Nintendo Land: A Wii U classic in the making?

25th Aug 2012 | 12:01

Nintendo Land: A Wii U classic in the making?

First impressions matter. So the fact Nintendo Land's debut felt like a combination of limp handshake and wet fart was intensely worrying. Nintendo Land should be exciting. It's a Ninty themepark with minigames based on their biggest names, but its E3 announcement consisted of a muddled explanation followed by a fireworks display packing all the oomph of a Nerf gun. Fuuurp.


But after our recent hands-on we're willing to admit that actually, and our face is as straight as a flagpole when we say this, Nintendo Land is brilliant.

The brainchild of Katsuya 'Animal Crossing' Eguchi, Nintendo Land is billed as the Wii Sports of the Wii U's GamePad. And while touting the controller's abilities to the masses is no easy task, Nintendo Land casts its net wide and pulls in a feast of intriguing ideas.

There will be 12 games in the final park, all 'much deeper' than anything in Wii Sports or Wii Play according to Eguchi. And while only five were open to the public in our recent hands-on, three of those almost justify admission alone.

TOADSWORTH'S TEACUPS

Takamaru's Ninja Castle was first. This arcade-y target shoot had us flicking ninja stars from pad to tele at googly eyed ninjas. The interplay between pad and TV was entertaining but we weren't itching to play again once the demo ended.

Next was The Legend of Zelda: Battle Quest, a fabric-ified mash-up of Wii Sports Resort's Swordplay and Archery modes. Two players grip Wii controllers as sword-wielding heroes while one takes the Wii U GamePad to play cowardly ordinance and shoot out of reach enemies. Unfortunately the on-rails movement removes much of the mode's potential - Four Swords this ain't.

Things started looking up with Donkey Kong's Crash Course. This woollen replica of DK's classic girders saw us tilt the Wii U GamePad left and right to spin the entire stage, with a two-wheeled Mii triangle reacting to the pitch like some 2D Monkey Ball. Albeit without the simian grace: the Mii-mobile was rockier than a Reliant Robin.

The level we played started simply but before long we had to pull shoulder buttons and rotate analogue sticks to call creaking machinery into motion, making sure to keep the controller steady at the same time. It proved surprisingly taxing, and shows that Nintendo Land won't shy away from tricksy challenges just to promote controls. Excellent.

As always in theme parks, though, you work your way up to the big ones, and rides four and five - a pair of asymmetrical multiplayer games - were unquestionably Nintendo Land's star attractions.

RIDLEY'S RAPIDS

Asymmetrical play, if you don't know, is the idea of two different styles of gameplay existing simultaneously. Nintendo tried this first with Pac-Man Vs back in 2003 and it was brilliant. However the significant monetary investment required to sample multi-man Pac (one Gamecube, four GBAs, four GBA-GC cables, a TV, friends, food etc) means it remains criminally under-sampled.

With Nintendo Land, the Wii U is bringing that genius to the masses, and our first taste was Luigi's Ghost Mansion. This one-vs-four multiplayer game casts the GamePad player as an invisible spook stalking four torch clutching Mii's around a Cluedo board. The four 'humans' play on the TV and can only see the ghost when he's illuminated by a light source, but they can always feel his proximity through their controller's rumble. Ghost wins by catching the humans, humans win by eliminating the ghost. Simple.

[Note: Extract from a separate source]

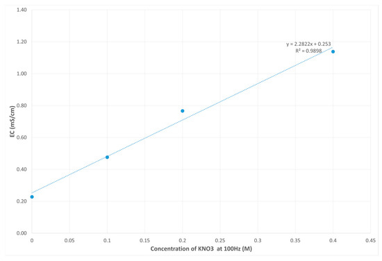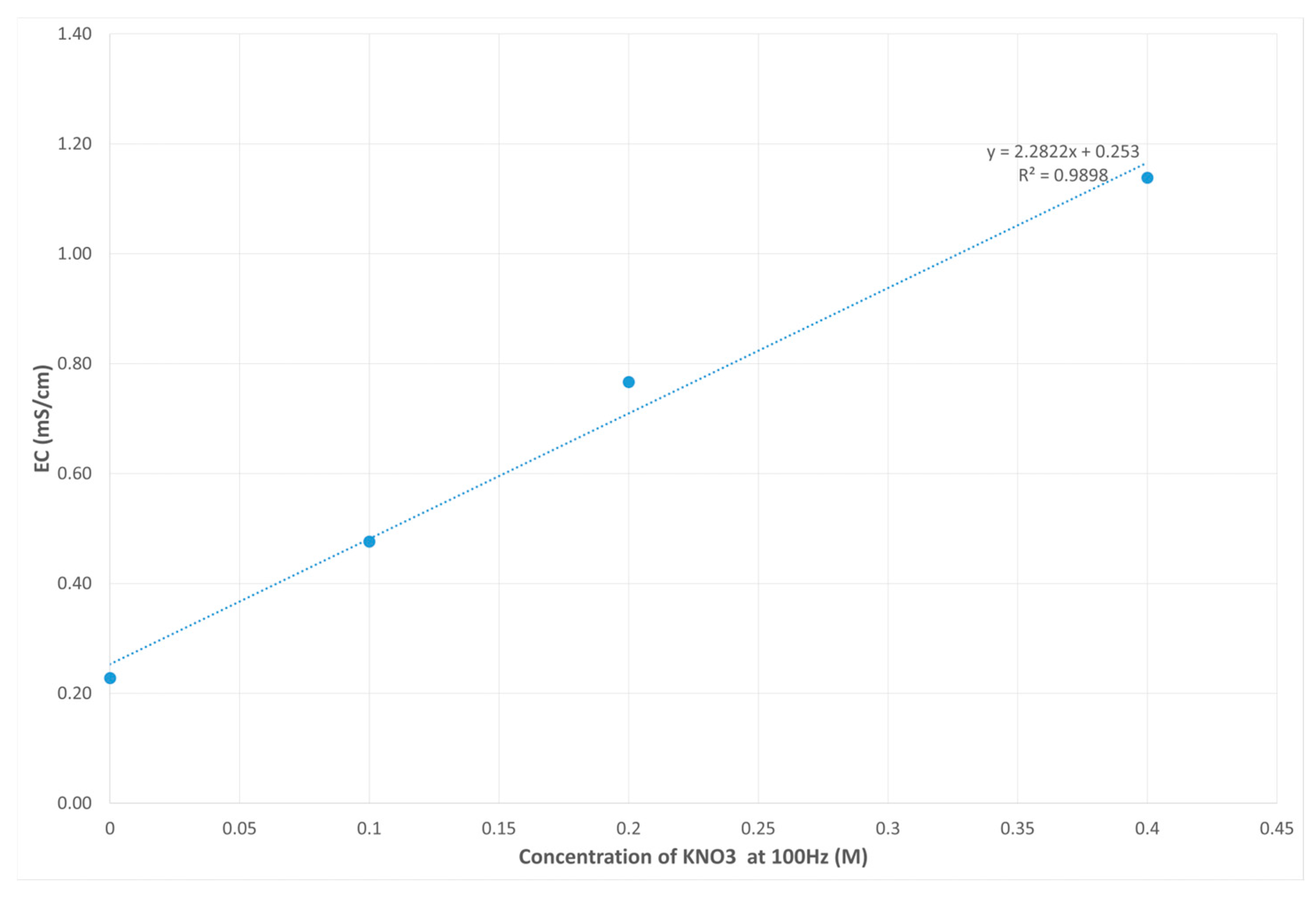 EC increased linearly with KNO3 concentration at 100 Hz, as confirmed by the trend line equation, highlighting the strong influence of salt concentration on solution conductivity.

Only it's not that simple. Playing the sneaky, all-knowing ghost and toying with your enemies' nerves is entirely removed from the almost survival horror tone of the human role - all worrying, cowering in corners and scrabbling for extra torch batteries. The asymmetrical set up creates something surprisingly tense and considered.

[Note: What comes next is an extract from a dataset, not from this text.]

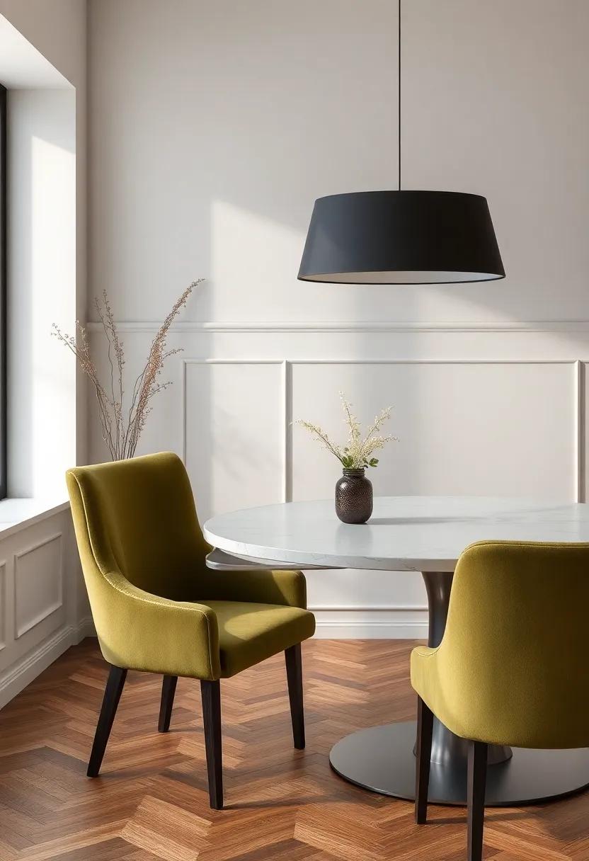 - Contrast Textures: Mix with upholstered chairs in different fabrics for a tactile experience.

Animal Crossing: Sweet Day is asymmetrical showcase number two, trading ghosts and torches for hollow animal mannequins, over-sized fun-hating cutlery and mountains of sweets. It's like a nightmare straight from Willy Wonka's formative years.

Here the tablet player controls a knife and a fork, one with each stick, and is tasked with grabbing three animals before they snaffle 50 sweets between them. Animals play on the TV and have a limited field of view, cramming their heads with candy while keeping an eye out for the heat at all times. It's about the chase - spotting incoming cutlery creates anarchy, and trying to predict and outsmart each other is brilliant fun achieved through GamePad vs. TV asymmetry.

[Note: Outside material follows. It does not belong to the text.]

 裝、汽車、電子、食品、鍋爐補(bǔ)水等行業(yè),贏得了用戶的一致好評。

Nintendo also showed icons representing the other attractions. Pikmin, Metroid, Mario, Yoshi, F-Zero, Balloon Fight and, erm, Game & Watch Octopus. What's being done with that last one is anyone's guess but if even one is half as brillo-tastic as Luigi's and Sweet Day then sign us up for an annual pass.

So after a few hours of ghost hunting, sweet pooping and Mii rolling, we're willing to make an exception. We're going to put that bungled first impression out of our minds and accept Nintendo Land for - and we've got our serious faces back on for this - the Wii U classic it's shaping up to be.